We had first met Neil Leonard in 2014, drawing a favorable impression from his audioscapes. It’s a pleasure to reunite with his work seven years later, finding him once again dedicated to engendering sounds that nourish one’s pneuma via saxophone and electronics.
By clicking the label link you can comfortably learn about the background and implications of the installation for which Leonard has provided this composition, originally conceived for playback in the dome of the glorious Hopkins Observatory in Williamstown, Massachusetts. An artistic director and professor at Boston’s Berklee College, Leonard is definitely capable of seizing otherwise unspoken connections when he creates.
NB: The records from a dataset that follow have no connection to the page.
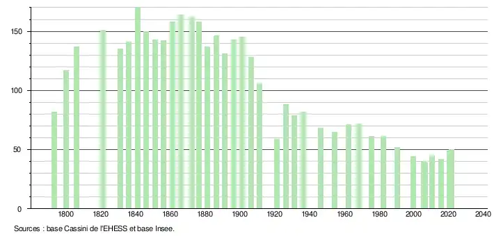 L'évolution du nombre d'habitants est connue à travers les recensements de la population effectués dans la commune depuis 1793. Pour les communes de moins de 10 000 habitants, une enquête de recensement portant sur toute la population est réalisée tous les cinq ans, les populations légales des années intermédiaires étant quant à elles estimées par interpolation ou extrapolation[15]. Pour la commune, le premier recensement exhaustif entrant dans le cadre du nouveau dispositif a été réalisé en 2005[16].
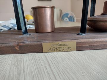 Distillatore per uso domestico/hobbistico denominato "Alambiccus Arrigus". Realizzato completamente in rame e montato su una solida base in legno. Utilizzato una o due volte, poi lasciato ad impolverarsi per circa 30 anni.
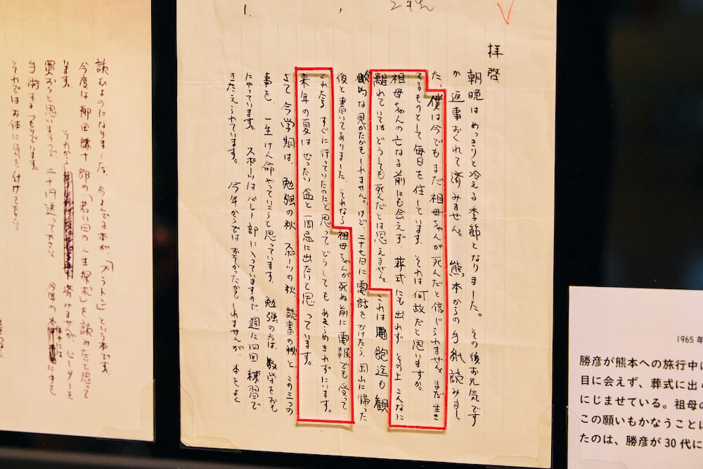 田代:お祖母さんは、恵楓園に何度も訪ねてくれたそうです。勝彦さんは、そんな心の支えでもあったお祖母さんの死に目に会うことができませんでした。ご両親はお祖母さんが亡くなった後に、勝彦さんに知らせました。葬式に参列できなかった悔しさ、怒りがにじみ出ている手紙も展示しています。
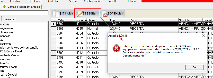 Suporte comum de ocorrer, são os casos, onde o usuário se depara com bloqueio de registros, e não sabe como desbloquear, as vezes ocorre por falta de conhecimento do mecanismo, por falta de configuração, ou até mesmo por algum erro.
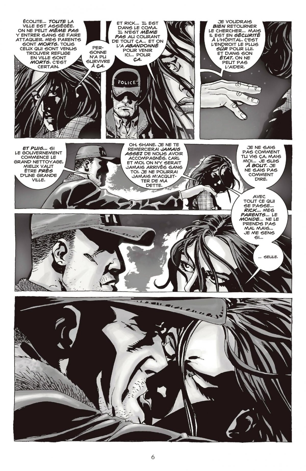 Regroupés autour de Rick, les survivants s’organisent et gèrent au mieux les tensions naissantes au sein de leur petite communauté. Chaque journée écoulée est une victoire sur l’horreur qui les entoure. Rick, devenu leur leader par la force des choses, doit à présent trouver le moyen de survivre un jour, une semaine, un mois de plus. Et cette survie ne se fera qu’au prix de lourds sacrifices...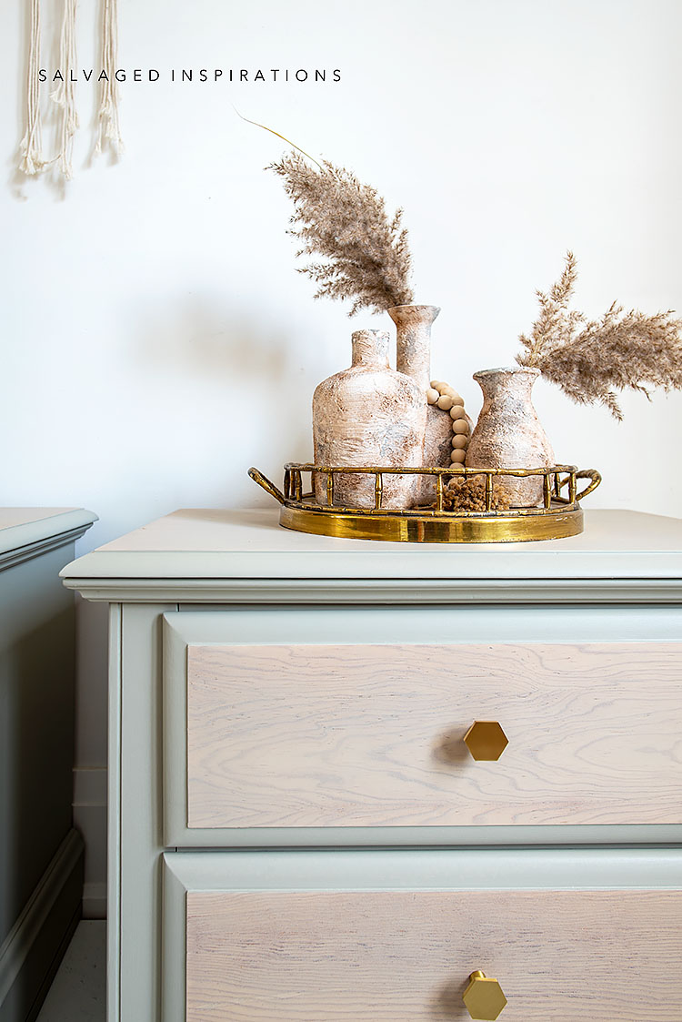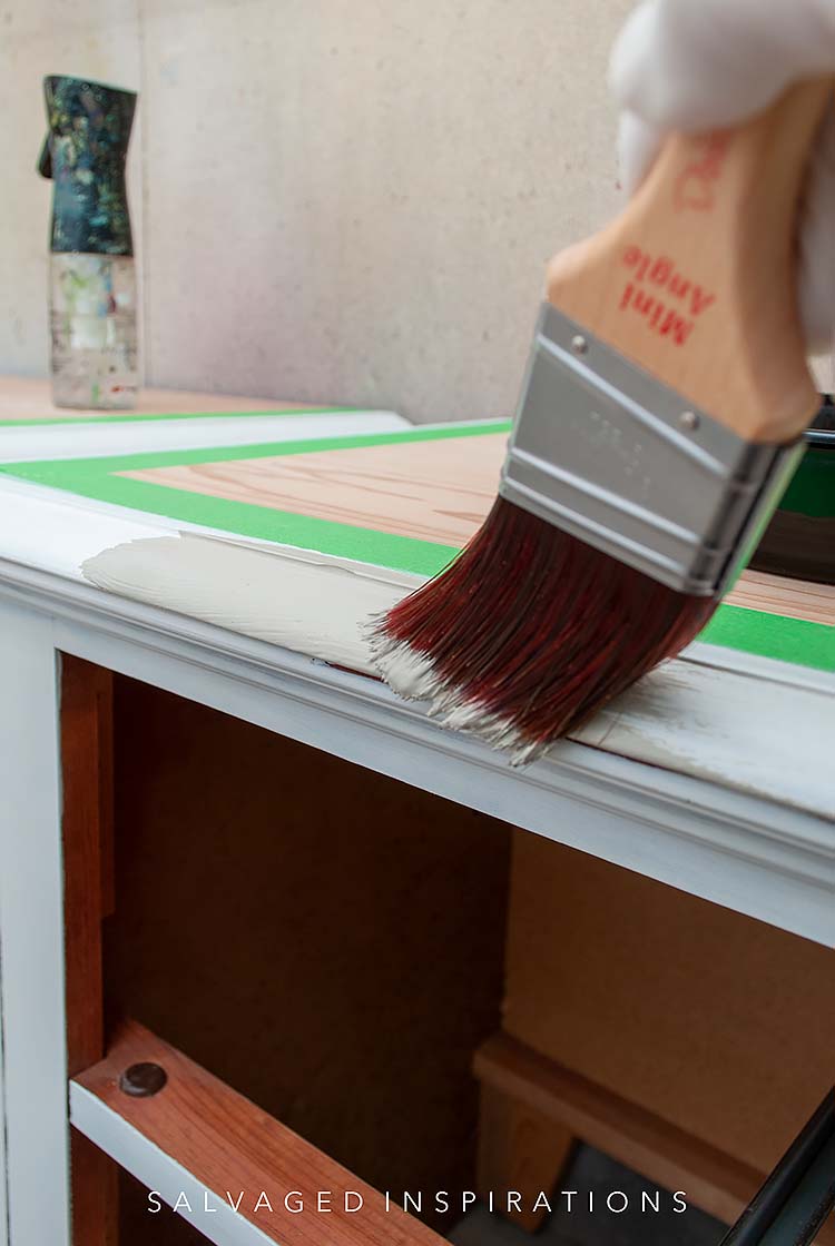I used painter’s tape to tape off the raw wood areas and primed with two coats of this BIN Shellac Based Primer to prevent bleedthrough. I have a full tutorial on how to use BIN Primer here. Once the primer was dry, I brushed on two coats of this gorgeous gray/green custom ‘boho color’ I created using this Dried Sage and Sawmill Gravy in a 50/50 mix.

He relates to the cosmos with humility, “decoding” the atmosphere around him so that the notes released find a meaningful correspondence with the environment.
The levity typifying the music even during the slightly darker sections is suggestive of a state of spiritual ease, despite the unfortunate historical climate. Lingering tones and ethereal loops alternate with a well-considered restyling of that same structural simplicity, occasionally turning into amiably amorphous sound creatures. A “dazed-but-not-confused” aura informs the entire runtime, with plenty of room to relax and mentally probe the surroundings and the unconscious. Somewhere, I detected remote echoes of familiarity with something that could not be identified. Those fleeting instants immediately gave the spotlight back to Leonard’s weavings, oscillating between unearthly and cantabile.
Sonance For The Precession is an excellent companion for the rare quiet hours we’re left with.